Even longer-term projections reveal some skepticism on the part of the IMF about Italy’s ability to quickly recover from the 2020 collapse and transform its production system in the name of efficiency, thanks also to the Recovery Fund. The Italian growth forecast for 2025 is just 0.9%, the lowest in the entire euro area. In this case, a very fragile demographic situation weighs, with few births, a rapid aging of the population and a low contribution from active immigration.

Public accounts

Finally, the Fund’s evaluations of public accounts are very different from those of Nadef, especially with regard to public accounts. Where the Italian government for this year sees a public deficit of 10.6% of the product and a debt of 158%, the IMF projects a deficit of 13% and a debt of 161.8% (it would be the highest ever high in history from Italy). It is possible that the government’s estimates are more accurate, because the State General Accounting Office has a more immediate pulse on what is actually being spent of the approximately 100 billion aid allocated during the year.

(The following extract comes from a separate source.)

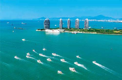 11月27日,海南省三亚湾海域,众多游客乘坐游艇驰骋海面,体验亲海乐趣。

IMF: Italy lag (worse than expected) in World Economic Outlook estimates

The IMF’s skepticism about the scenario of a fall in debt in the coming years, driven by sustained growth, is striking. For the IMF the Italian public debt next year it will be 158.3% of production (higher than what the government sees this year) and again 152.6% in 2025 (higher than what the government sees in 2023). Therefore, the background note on Italy is worrying, evident among Washington economists, that the current crisis may create damage in Italy that is very difficult to absorb in a short time. Regarding this, a scenario of rapid debt reduction thanks to sustained growth does not seem credible to the IMF (as drafted in Corriere on October 6). For this reason, the Fund does not ask for a tightening of the budget, also given the very precarious conditions of employment and of the entire production system.